For local development, the Fuseki server can be run via Docker:

docker run \
    --detach \
    --publish 3030:3030 \
    --env ADMIN_PASSWORD=some-password \
    --volume /some/mount/location:/fuseki \
    stain/jena-fuseki:3.6.0 \
    /jena-fuseki/fuseki-server --loc=/fuseki --update /ds

export GUTENBERG_FUSEKI_URL=http://localhost:3030/ds
export GUTENBERG_FUSEKI_USER=admin
export GUTENBERG_FUSEKI_PASSWORD=some-password

Usage

Downloading a text

from gutenberg.acquire import load_etext
from gutenberg.cleanup import strip_headers

text = strip_headers(load_etext(2701)).strip()
print(text)  # prints 'MOBY DICK; OR THE WHALE\n\nBy Herman Melville ...'
python -m gutenberg.acquire.text 2701 moby-raw.txt
python -m gutenberg.cleanup.strip_headers moby-raw.txt moby-clean.txt

Looking up meta-data

A bunch of meta-data about ebooks can be queried:

from gutenberg.query import get_etexts
from gutenberg.query import get_metadata

print(get_metadata('title', 2701))  # prints frozenset([u'Moby Dick; Or, The Whale'])
print(get_metadata('author', 2701)) # prints frozenset([u'Melville, Hermann'])
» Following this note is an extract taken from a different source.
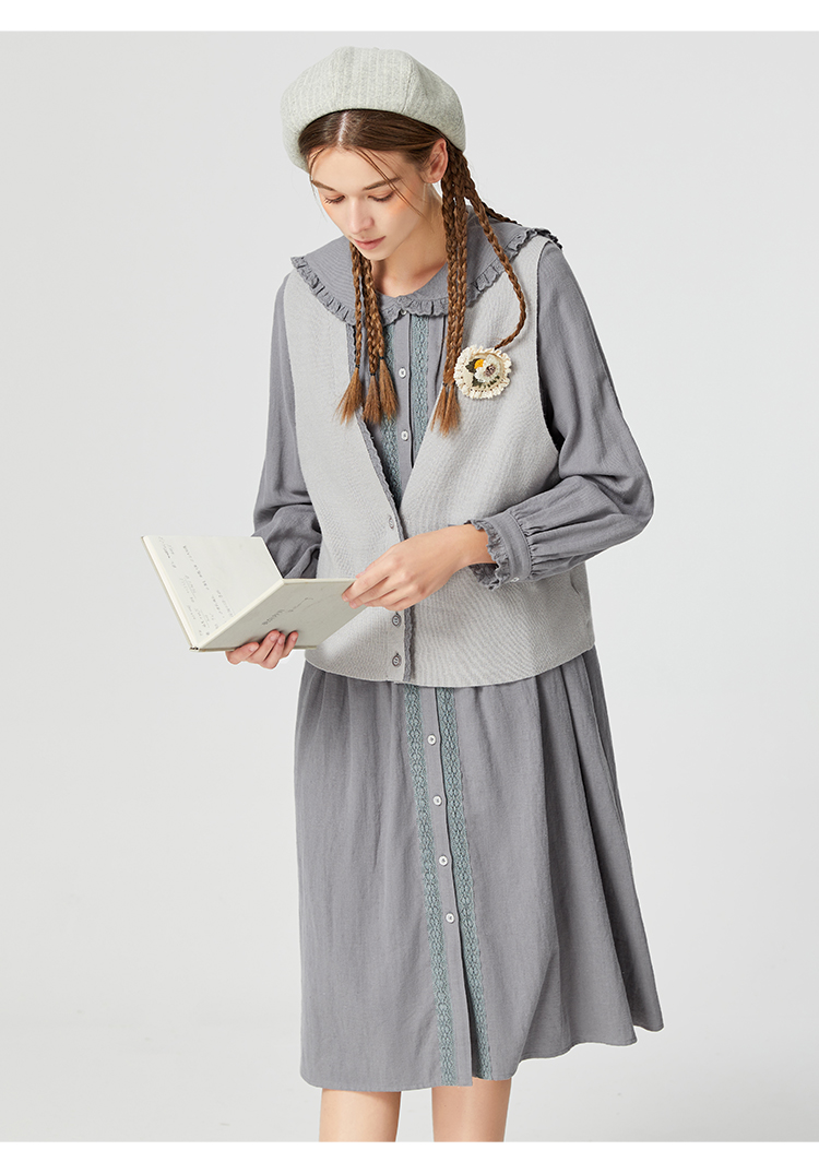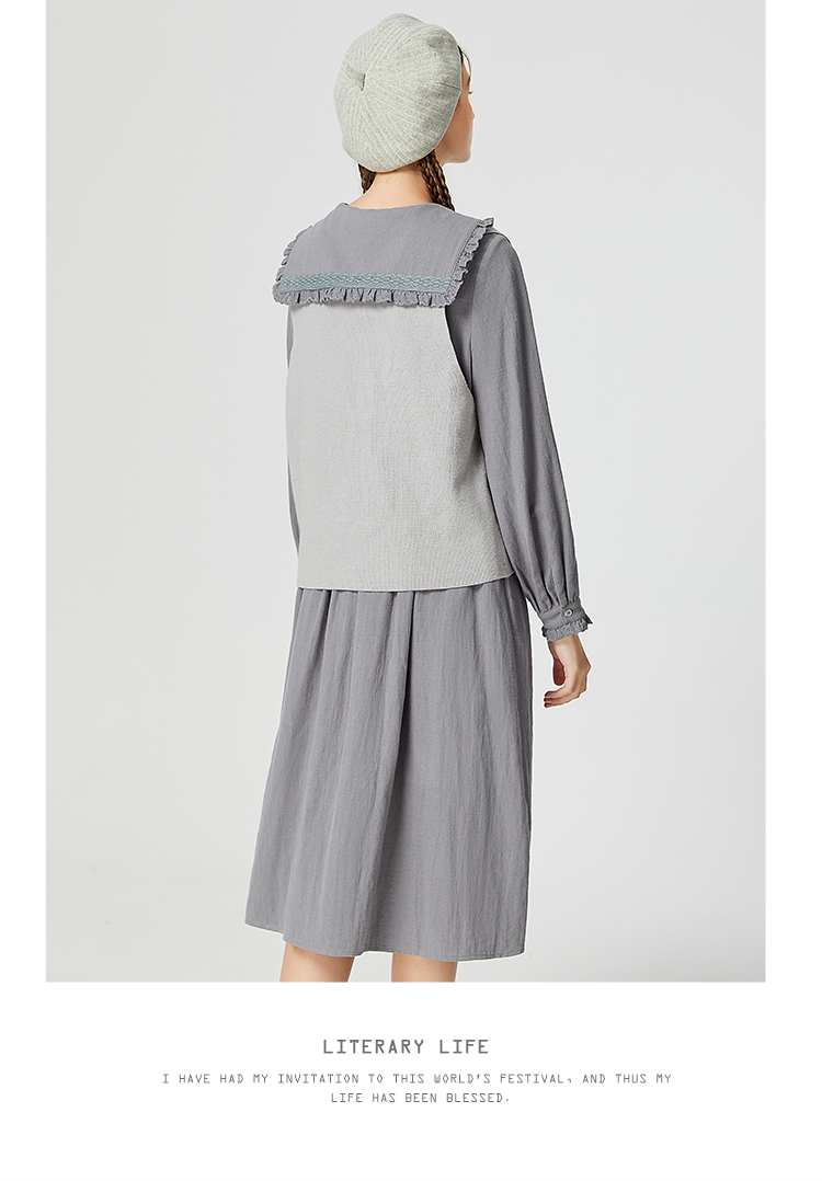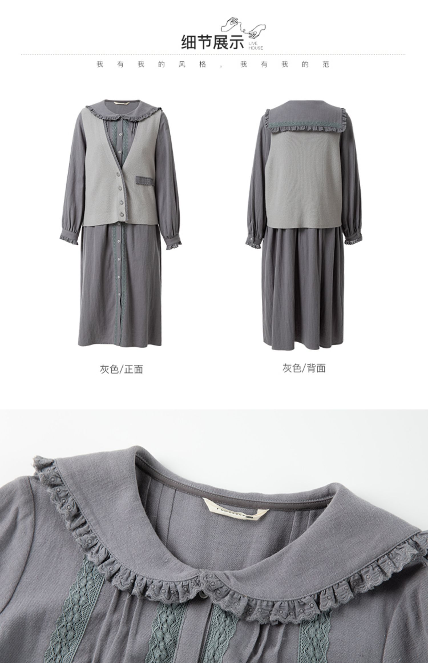 Famecoco范可儿公主领连衣裙马甲两件套春秋季品牌棉麻时尚套装女F225EA001

print(get_etexts('title', 'Moby Dick; Or, The Whale'))  # prints frozenset([2701, ...])
print(get_etexts('author', 'Melville, Hermann'))        # prints frozenset([2701, ...])
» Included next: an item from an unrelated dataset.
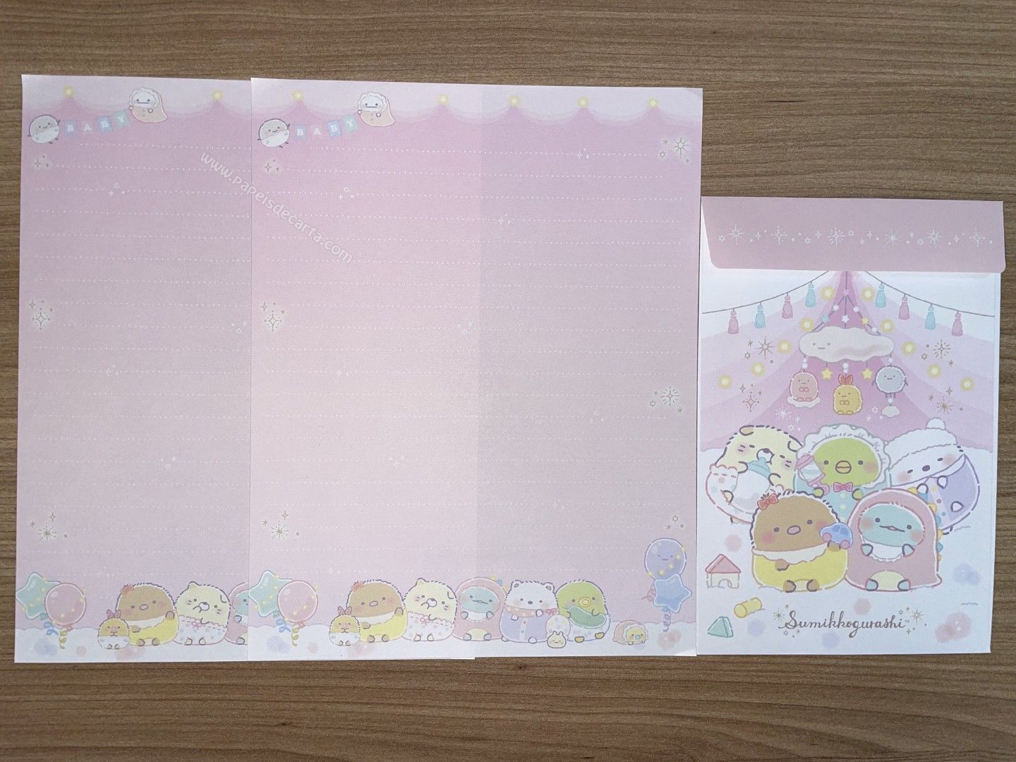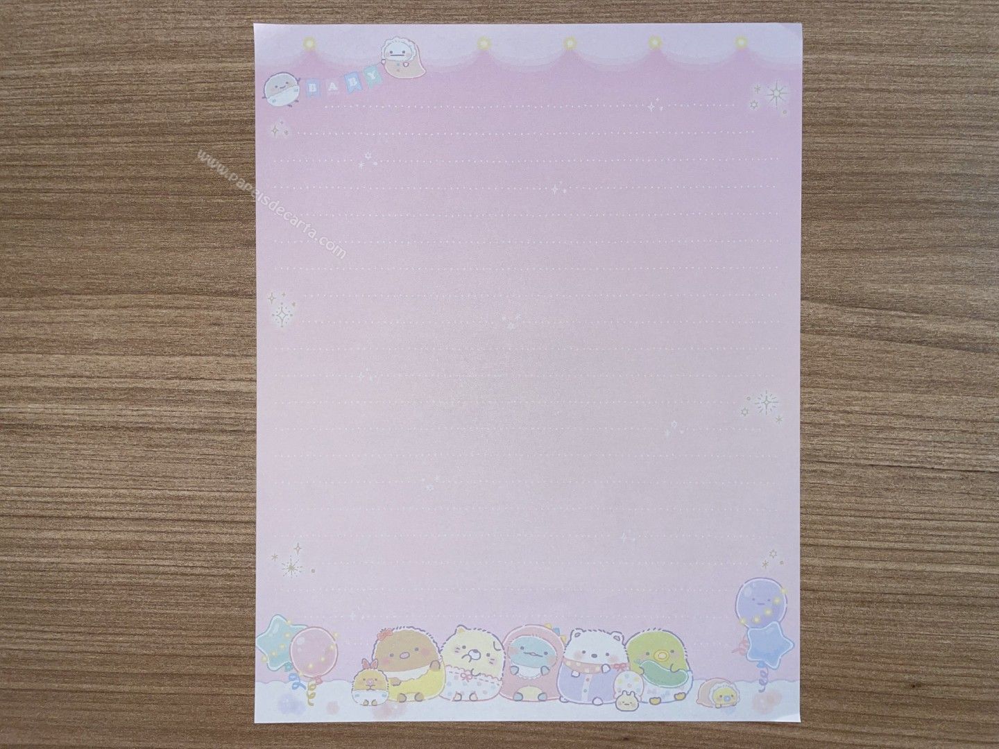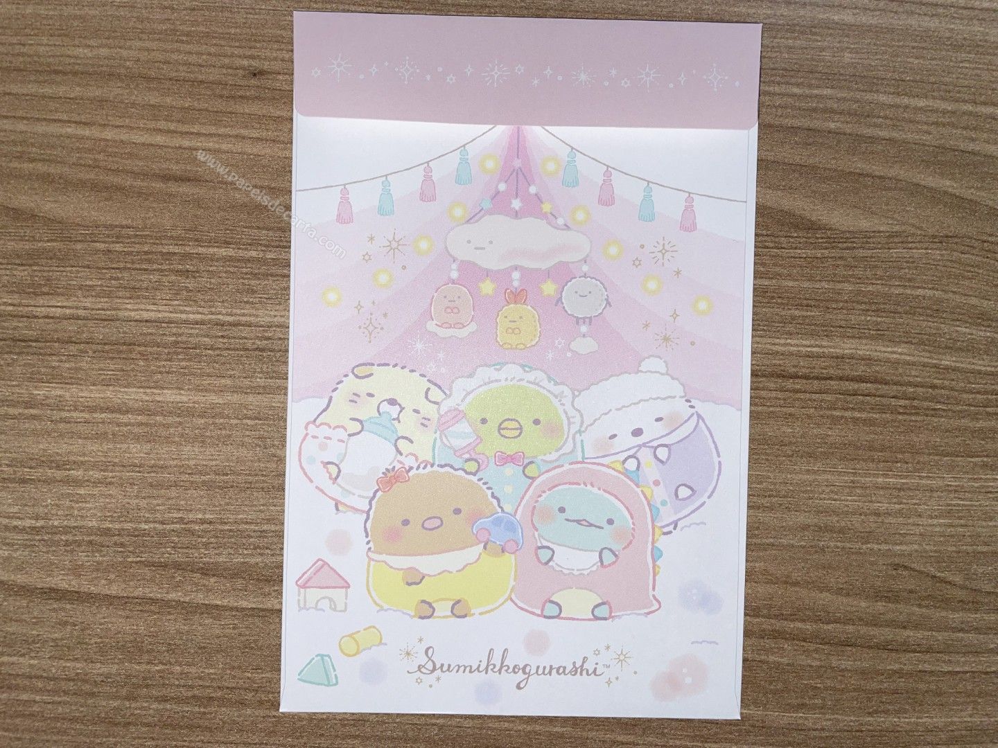 Conjunto importado, de papel de carta do Sumikko Gurashi da San-X, com 2 folhas e 1 envelope.

You can get a full list of the meta-data that can be queried by calling:

from gutenberg.query import list_supported_metadatas

print(list_supported_metadatas()) # prints (u'author', u'formaturi', u'language', ...)

Before you use one of the gutenberg.query functions you must populate the local metadata cache. This one-off process will take quite a while to complete (18 hours on my machine) but once it is done, any subsequent calls to get_etexts or get_metadata will be very fast. If you fail to populate the cache, the calls will raise an exception.

To populate the cache:

from gutenberg.acquire import get_metadata_cache
cache = get_metadata_cache()
cache.populate()

If you need more fine-grained control over the cache (e.g. where it's stored or which backend is used), you can use the set_metadata_cache function to switch out the backend of the cache before you populate it. For example, to use the Sqlite cache backend instead of the default Sleepycat backend and store the cache at a custom location, you'd do the following:

from gutenberg.acquire import set_metadata_cache
from gutenberg.acquire.metadata import SqliteMetadataCache

cache = SqliteMetadataCache('/my/custom/location/cache.sqlite')
cache.populate()
set_metadata_cache(cache)

Limitations

This project deliberately does not include any natural language processing functionality. Consuming and processing the text is the responsibility of the client; this library merely focuses on offering a simple and easy to use interface to the works in the Project Gutenberg corpus. Any linguistic processing can easily be done client-side e.g. using the TextBlob library.